## Try it
Below are entries with pictures in them. Output exactly the lines starting at the line with "- Перед первым" and ending at the line with "會議開始,新發(fā)展的預", both included, but not the pictures.

## Listed records
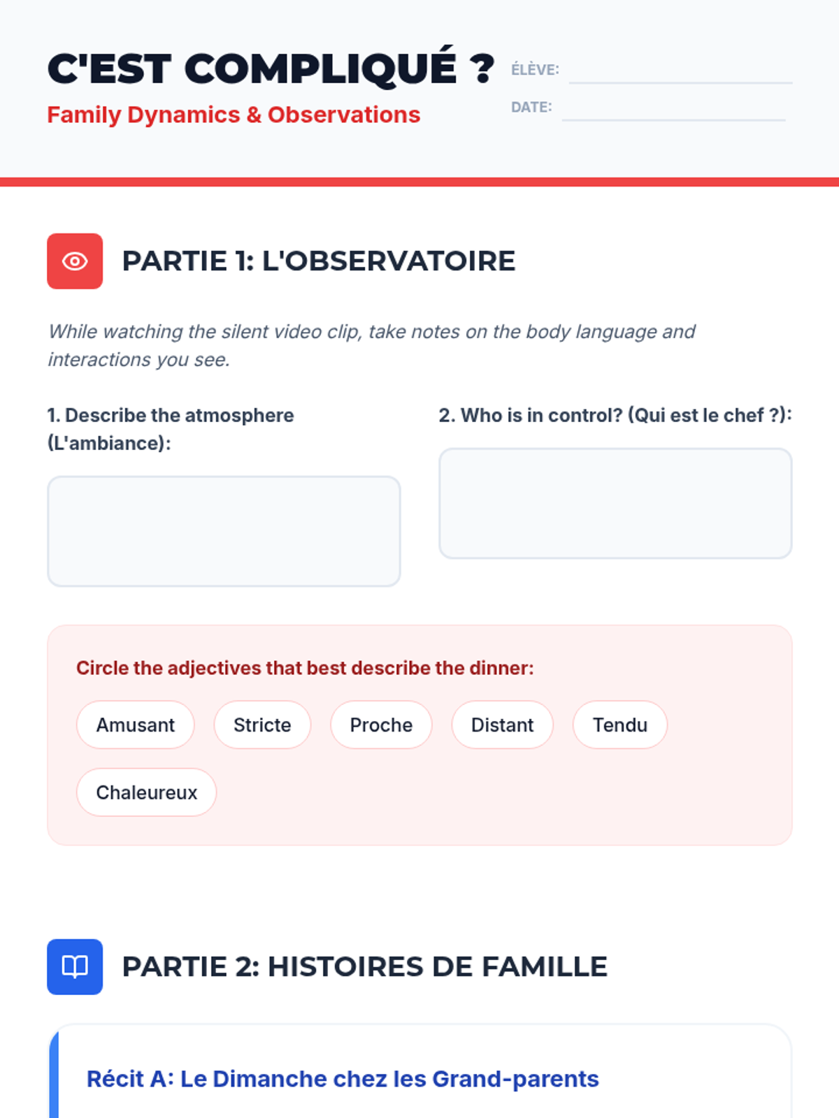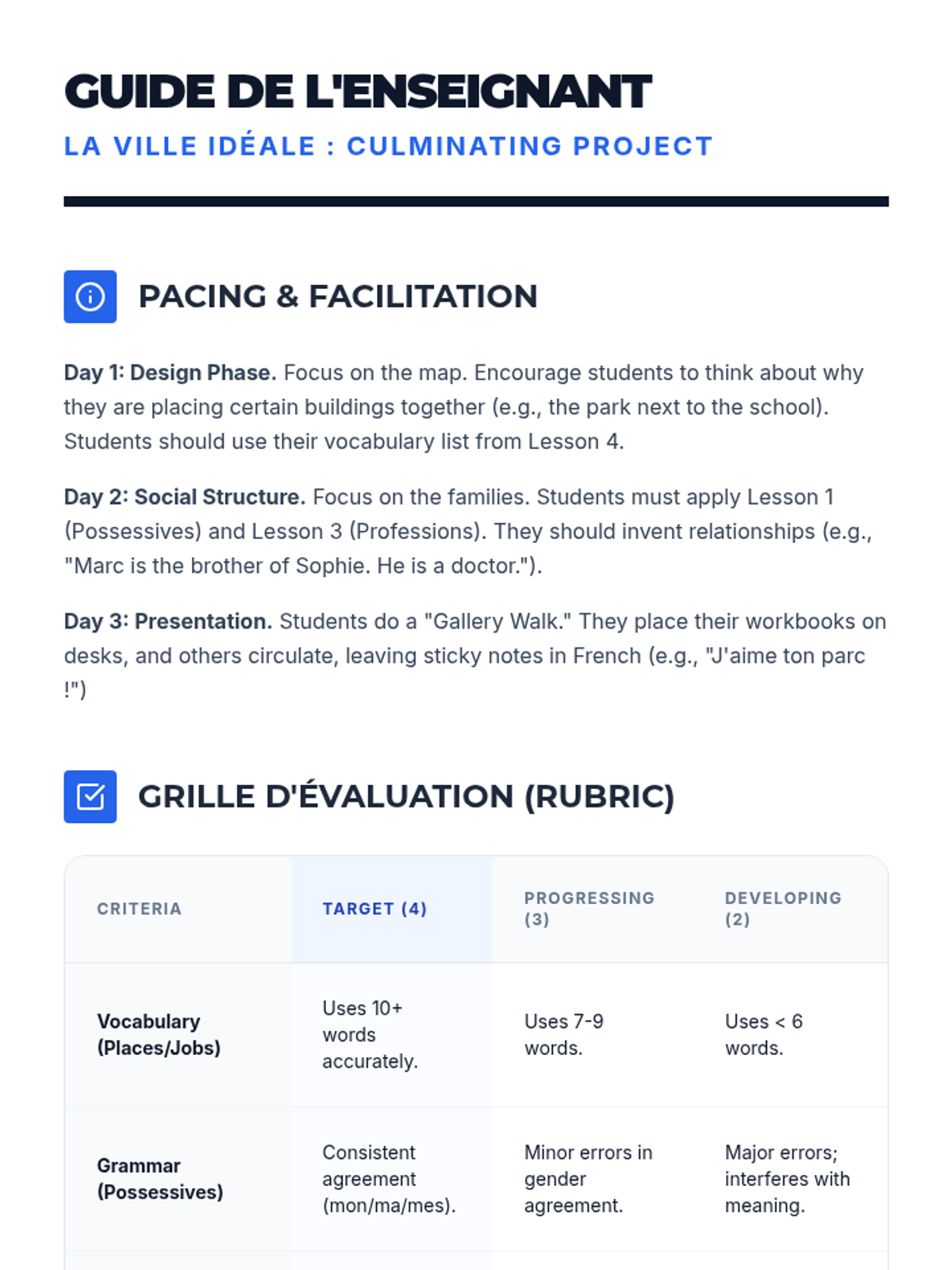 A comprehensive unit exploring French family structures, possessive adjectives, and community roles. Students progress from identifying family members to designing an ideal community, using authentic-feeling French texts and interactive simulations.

---

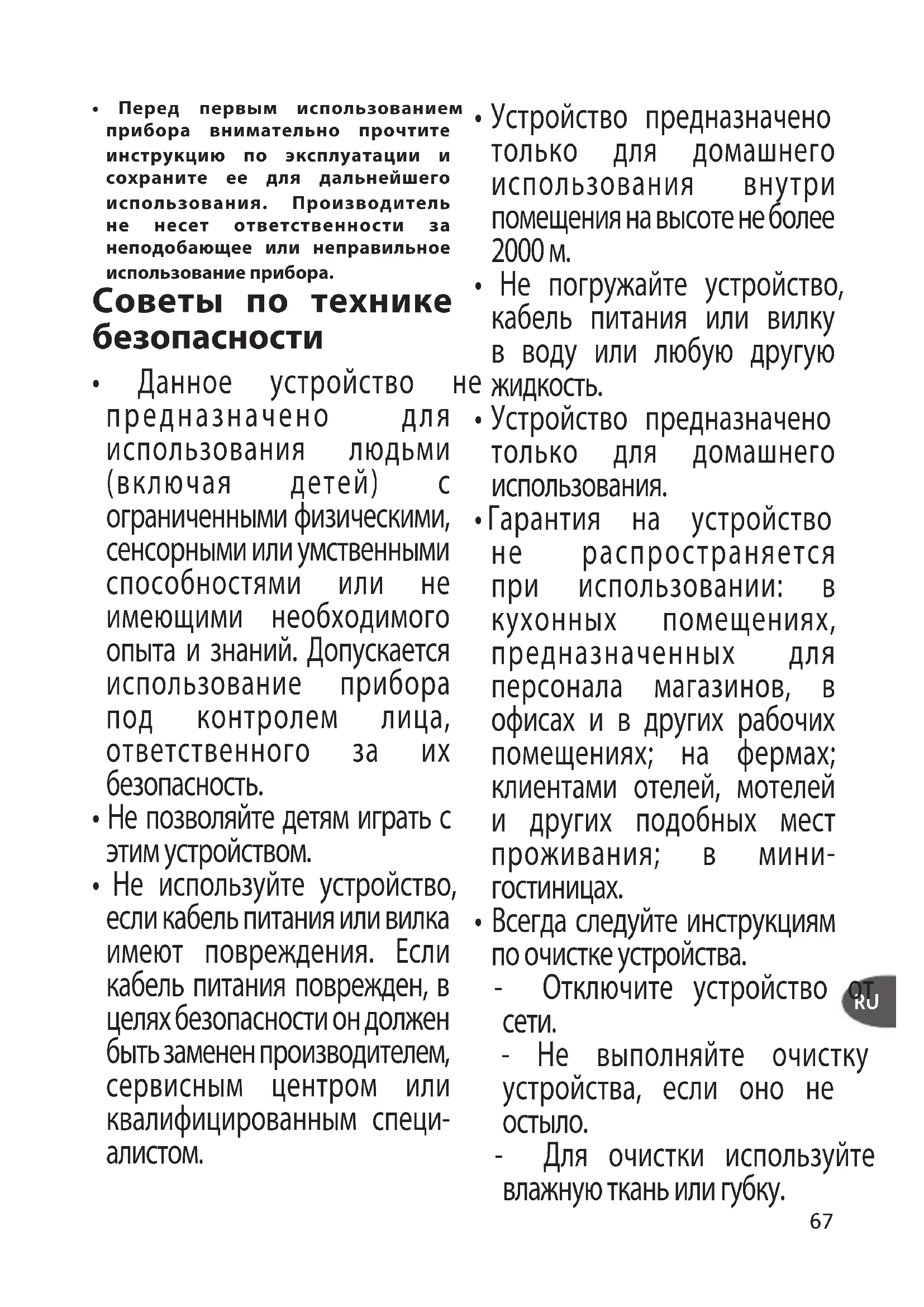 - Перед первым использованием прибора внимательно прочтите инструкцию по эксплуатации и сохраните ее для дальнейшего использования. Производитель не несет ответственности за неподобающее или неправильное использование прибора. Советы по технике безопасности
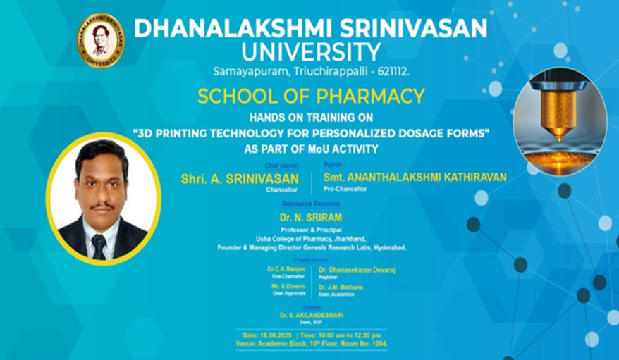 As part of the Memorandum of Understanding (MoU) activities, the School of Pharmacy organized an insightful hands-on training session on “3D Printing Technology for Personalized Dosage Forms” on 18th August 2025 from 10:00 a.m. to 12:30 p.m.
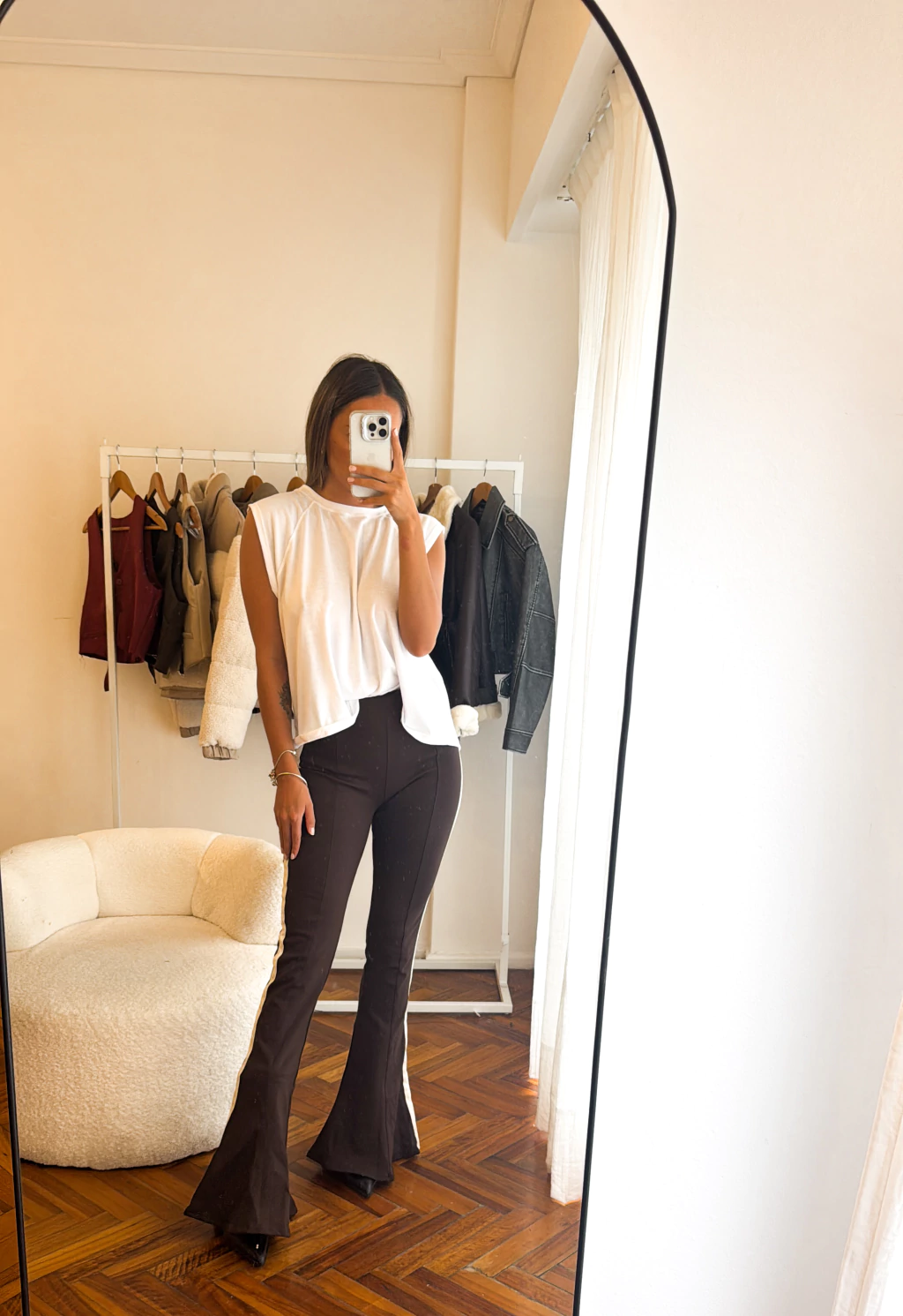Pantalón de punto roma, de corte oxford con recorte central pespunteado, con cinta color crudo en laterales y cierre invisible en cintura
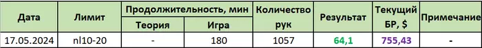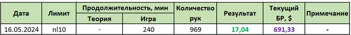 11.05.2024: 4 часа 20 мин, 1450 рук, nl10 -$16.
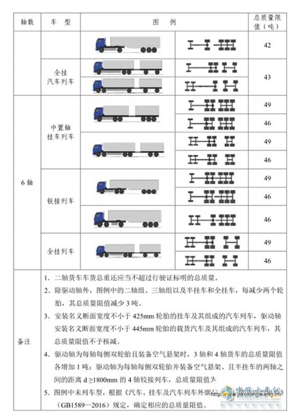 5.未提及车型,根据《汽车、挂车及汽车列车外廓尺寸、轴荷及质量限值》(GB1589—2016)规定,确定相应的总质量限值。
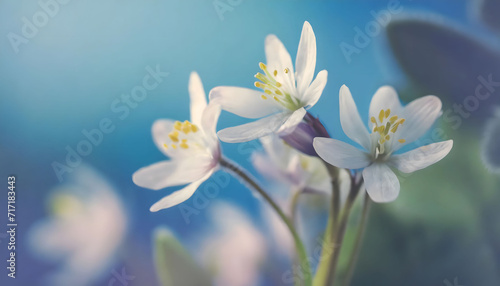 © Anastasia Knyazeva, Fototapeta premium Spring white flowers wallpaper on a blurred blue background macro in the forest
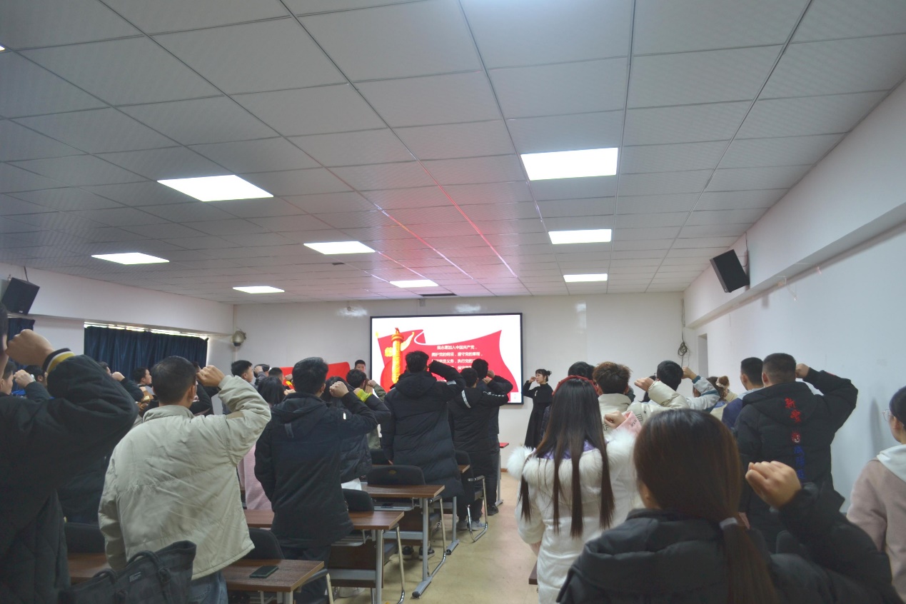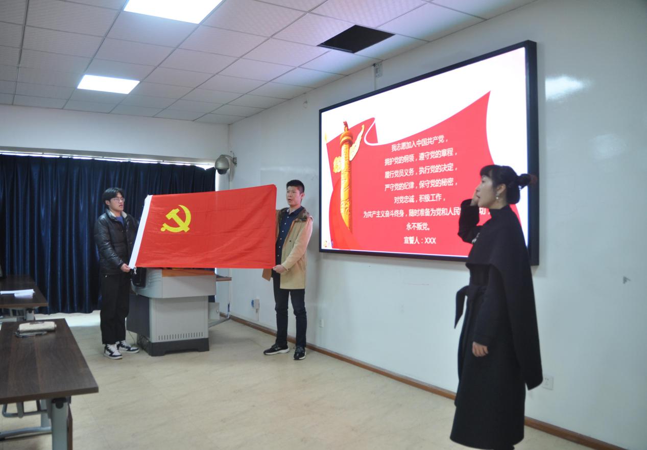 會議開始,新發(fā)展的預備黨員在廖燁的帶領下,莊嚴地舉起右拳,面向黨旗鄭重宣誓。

## Answer box
 - Перед первым использованием прибора внимательно прочтите инструкцию по эксплуатации и сохраните ее для дальнейшего использования. Производитель не несет ответственности за неподобающее или неправильное использование прибора. Советы по технике безопасности
 As part of the Memorandum of Understanding (MoU) activities, the School of Pharmacy organized an insightful hands-on training session on “3D Printing Technology for Personalized Dosage Forms” on 18th August 2025 from 10:00 a.m. to 12:30 p.m.
Pantalón de punto roma, de corte oxford con recorte central pespunteado, con cinta color crudo en laterales y cierre invisible en cintura
 11.05.2024: 4 часа 20 мин, 1450 рук, nl10 -$16.
 5.未提及车型,根据《汽车、挂车及汽车列车外廓尺寸、轴荷及质量限值》(GB1589—2016)规定,确定相应的总质量限值。
 © Anastasia Knyazeva, Fototapeta premium Spring white flowers wallpaper on a blurred blue background macro in the forest
 會議開始,新發(fā)展的預備黨員在廖燁的帶領下,莊嚴地舉起右拳,面向黨旗鄭重宣誓。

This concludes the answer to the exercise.